Vilnius cherche l’apaisement avec Pékin

Écrit par IAto brief AI · 14 juillet 2026, 02:50
Comment elle a été écrite

A legal shield made of paper awaits its first test against the sea.

Composition d image · tobrief
le texte · 3 min de lecture

Cinq ans après l'ouverture d'un bureau taïwanais à Vilnius et les représailles commerciales chinoises, la Lituanie veut normaliser ses relations avec Pékin. Mais son revirement expose une faiblesse européenne : l'outil anti-coercition existe, sans avoir encore servi.

La Lituanie ne renie pas Taïwan. Elle tire plutôt les leçons d'un rapport de force qu'elle a payé presque seule. En 2021, Vilnius avait autorisé l'ouverture d'un bureau de représentation taïwanais sous ce nom, un choix hautement politique aux yeux de Pékin. La Chine avait aussitôt dégradé ses relations diplomatiques avec la Lituanie, puis serré l'étau sur ses exportations et sur les chaînes d'approvisionnement européennes contenant des composants lituaniens (Reuters, OMC DS610).

Cinq ans plus tard, le ministre des affaires étrangères désigné, Kestutis Budrys, dit vouloir normaliser les relations avec la Chine sur une base pragmatique, dans le respect du droit international et des engagements de la Lituanie envers l'UE et l'OTAN (LRT, Euronews). Le déplacement est assumé. Il pose surtout une question à Bruxelles : le bouclier construit après la crise lituanienne protégera-t-il le prochain petit État membre avant que la facture ne lui arrive ?

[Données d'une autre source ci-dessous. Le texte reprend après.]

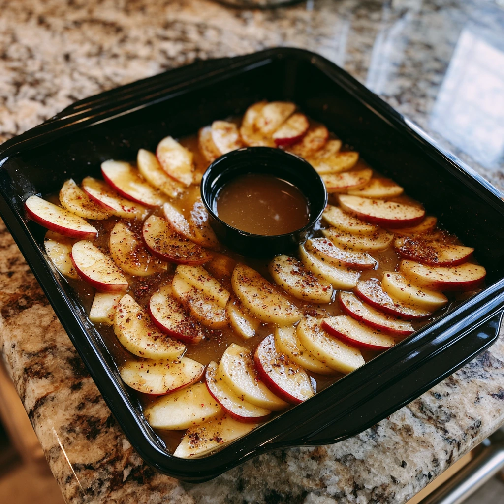 Now comes the fun part: drizzle the ½ cup of caramel sauce right over the top. Don’t worry about being precise here — those sweet rivers of caramel will bubble up and blend perfectly with the apples as they bake.
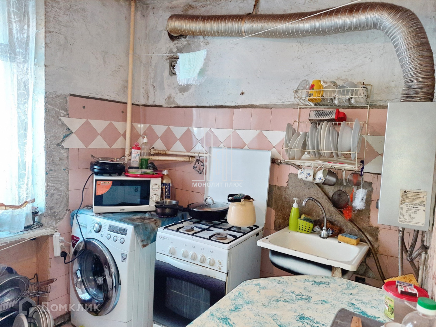 Стиральная машинка на кухне.

Ce que la crise lituanienne a produit

Le différend a cessé d'être bilatéral lorsque la Commission européenne a porté plainte contre la Chine devant l'OMC pour mesures commerciales discriminatoires. Comme la politique commerciale relève de la compétence de l'Union, la Commission pouvait agir au nom des Vingt-Sept. Le geste était juridique, mais aussi politique : faire d'une pression exercée sur une capitale une atteinte au marché unique.

L'épisode a aussi accéléré la création d'un instrument nouveau. L'instrument anti-coercition, adopté en 2023, fonctionne en trois temps. La Commission enquête pour déterminer si un pays tiers utilise la pression économique contre un État membre. Le Conseil, où siègent les gouvernements, décide ensuite à la majorité qualifiée, c'est-à-dire avec un poids plus fort des grands pays et sans droit de veto individuel, si la coercition est établie. Si elle l'est, la Commission peut proposer des ripostes : droits de douane, exclusions des marchés publics, restrictions à l'investissement.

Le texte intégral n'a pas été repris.